Your instructions: For this exercise, output exactly the lines from the opening line of the listing through the line with "fragment is blank.", skipping pictures.

Supplied data:

+++

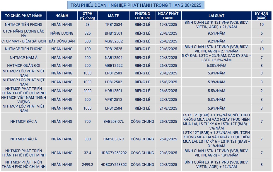 Dữ liệu từ VBMA (Hiệp hội Thị trường Trái phiếu Việt Nam) tổng hợp từ HNX và SSC, tính đến ngày công bố thông tin 31/08/2025, có 43 đợt phát hành trái phiếu doanh nghiệp (TPDN) trong tháng 8 với giá trị gần 45.7 ngàn tỷ đồng.
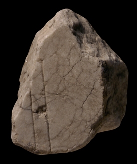 | Description The surface of the fragment is much corroded. On the left side, two parallel lines traverse the piece. The right line stops just before reaching the top edge of the fragment, and it seems to make a left turn, perhaps to connect with the left line. The rest of the fragment is blank.
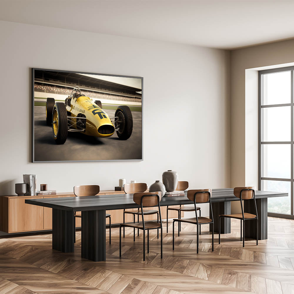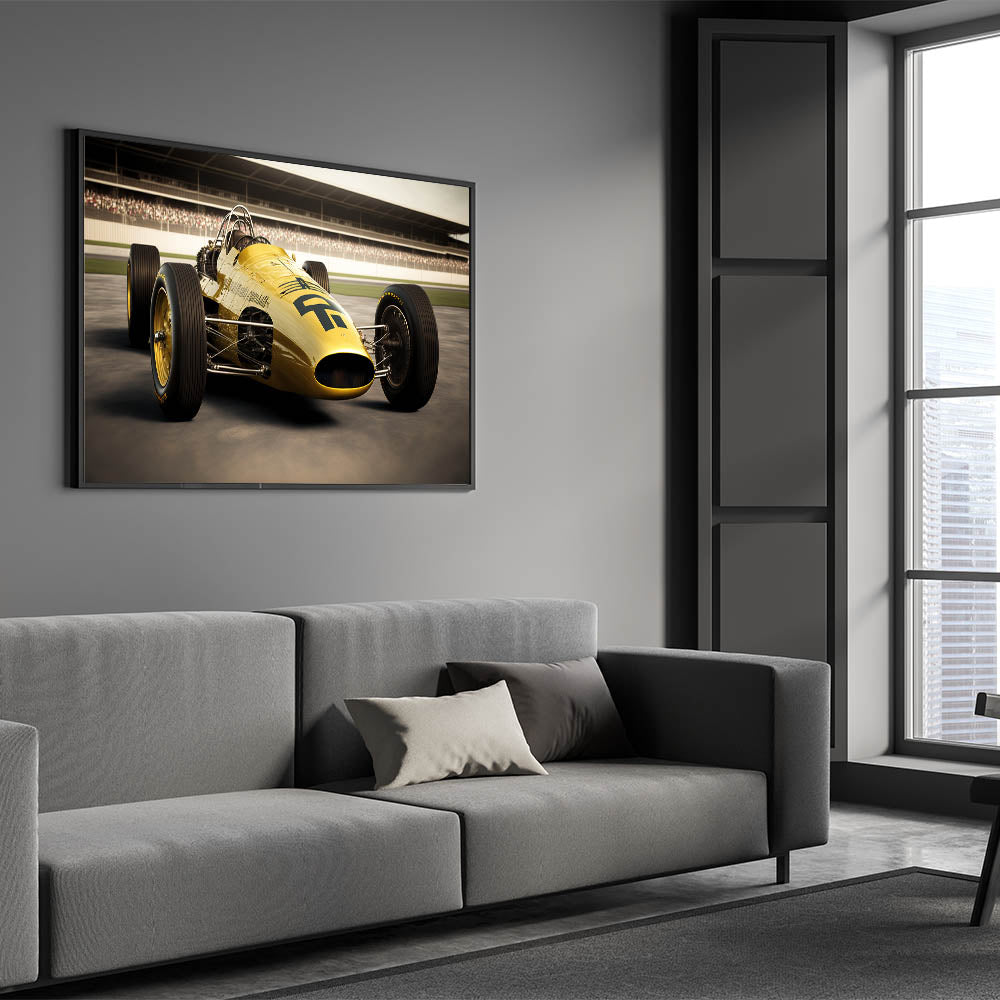 Elevate your space with this stunning Golden Formula 1 Art Poster that embodies the spirit of speed and precision. This eye-catching racing car canvas print is perfect for motorsport enthusiasts who appreciate the blend of art and high-performance engineering. Whether displayed in a modern living room, office, or garage, this piece adds a sophisticated and dynamic touch to your decor.

+++

Response area:
 Dữ liệu từ VBMA (Hiệp hội Thị trường Trái phiếu Việt Nam) tổng hợp từ HNX và SSC, tính đến ngày công bố thông tin 31/08/2025, có 43 đợt phát hành trái phiếu doanh nghiệp (TPDN) trong tháng 8 với giá trị gần 45.7 ngàn tỷ đồng.
 | Description The surface of the fragment is much corroded. On the left side, two parallel lines traverse the piece. The right line stops just before reaching the top edge of the fragment, and it seems to make a left turn, perhaps to connect with the left line. The rest of the fragment is blank.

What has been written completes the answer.